Шушуканье их долетало до ушей Екатерины. Она смотрела на Раффаеле и с досадой комкала салфетку.

— Жаль, что мы с вами не похожи и не сойдём за родственников! — она бросила недоеденную кулебяку. — Доброй ночи вам!

Он простился с нею одним поклоном — без нежностей. Подозвал девку, попросил подать ячменных зёрен для голубя.

Наутро они отправились на станцию. Поднялись по ступеням в тёплый бревенчатый дом, и Раффаеле отворил дверь — пропустить Екатерину.

На столе кипел самовар — труба гудела, выпуская клубы горячего дыма. Отставной генерал… Сергей Степанович мешал ложкой чай, подпирая кулаком сдобренную сединой голову.

Екатерина спряталась за плечо Раффаеле:

— Там Ильины! Семья Александра! Я не могу показаться им. Они не должны видеть меня с вами.

Евдокия Николаевна обнимала шалью дремлющую Веру. Восьмилетний Костя спал на лавке под отцовской шинелью — головой на коленях сестры.

— Но вы можете узнать вести от них, — Раффаеле приподнял ярко-чёрные полоски бровей.

— Дверь, господа, затворите!
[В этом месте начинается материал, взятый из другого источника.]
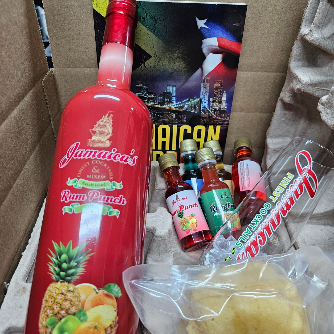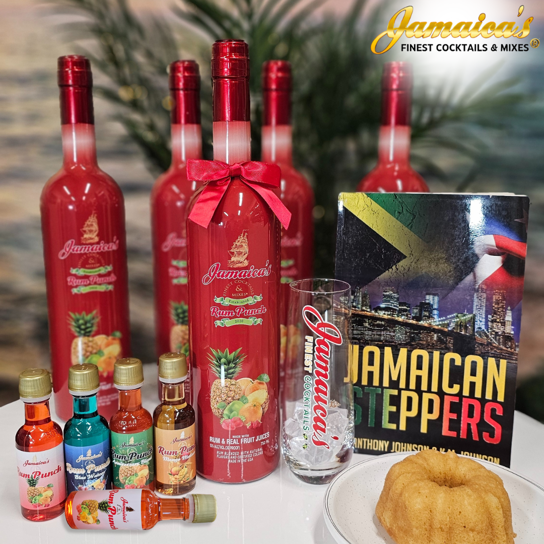 Each Gift Set contains: Rum Punch - 750ml, *Rum Cake - 3", Rum Punch Shot/Mini Party Pack, Stemless Logo Drinking glass, and Jamaican Steppers book. Yeah Mon!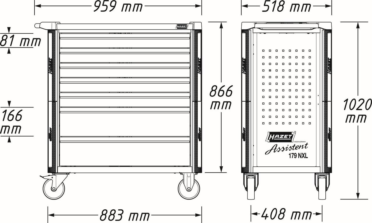 Hazet Werkstattwagen Assistent, extra breit, Edelstahl-Arbeitsplatte, 8 Schubladen, 179NXL-8, 4000896215218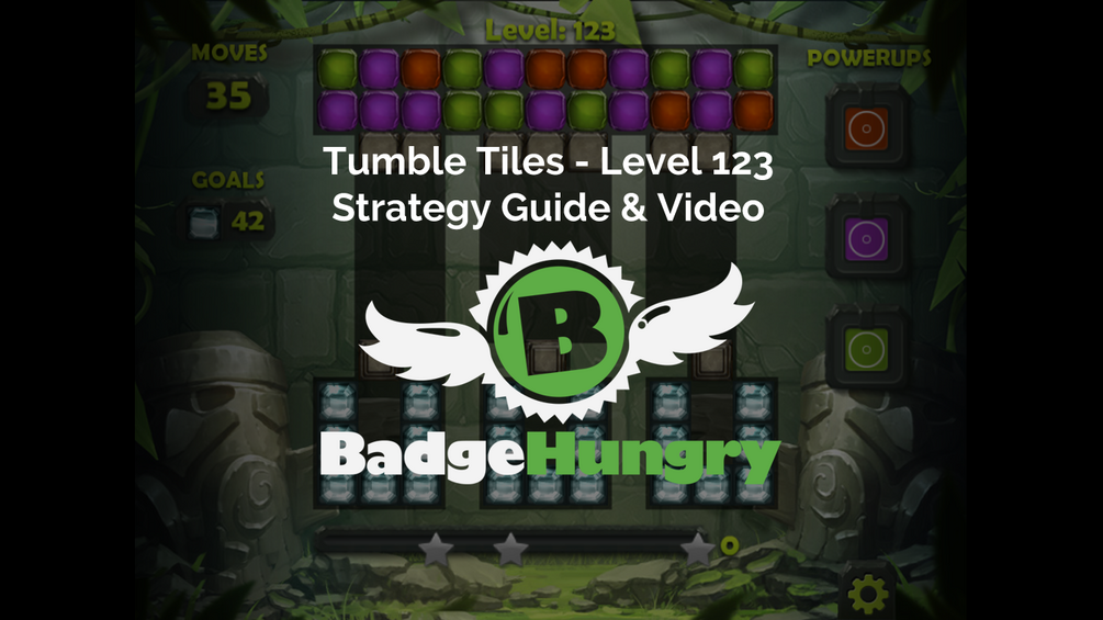 Learn how to get 3 stars on Tumble Tiles Level 123 using BadgeHungry's strategy guide and video.
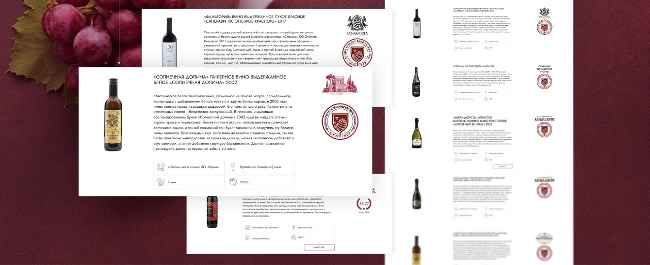 Разработанная торговая площадка предоставила российским винодельням удобный инструмент для представления своей продукции на единой онлайн-витрине. Удобное размещение на едином маркетплейсе товара и необходимого функционала для его выбора.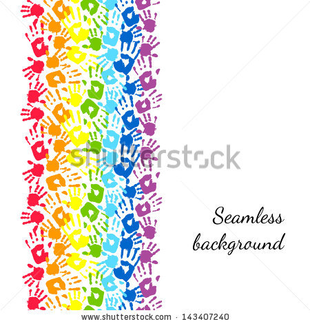 Handprint clipart border: rainbow seamless border

Избу остудите! — крикнул голос смотрителя. Екатерина убрала ногу с порога.

— Прошу вас, займите их, а я подойду к смотрителю. За вами они меня не заметят. Постарайтесь узнать, куда они едут и есть ли новости об Александре.

Раффаеле прошёл в дом.

— Могу ли я ждать за вашим столом?

— Ради Бога, — ответил Сергей Степанович.

Герцог подвинул стул и сел напротив генеральши и детей, закрыв собою смотрителя. Вера застенчиво хлопала сонными глазами, Евдокия Николаевна улыбалась. Костя, как мёртвый, не поднимал кудрявой головы с Вериных колен.

Екатерина пробралась к смотрителю, закрываясь полями шляпки.

— Вы путешествуете по России в такие опасные времена, господин герцог? — послышался за её спиной голос Евдокии Николаевны.

— Я еду на войну, — ответил Раффаеле.

Генерал окинул ироничным взглядом его тёмно-коричневый каррик с тройной пелериной, белые панталоны, заправленные в сапоги с каблуками, касторовую31 шляпу в руках с «квакерской» пряжкой, подбитую изнутри белым шёлком.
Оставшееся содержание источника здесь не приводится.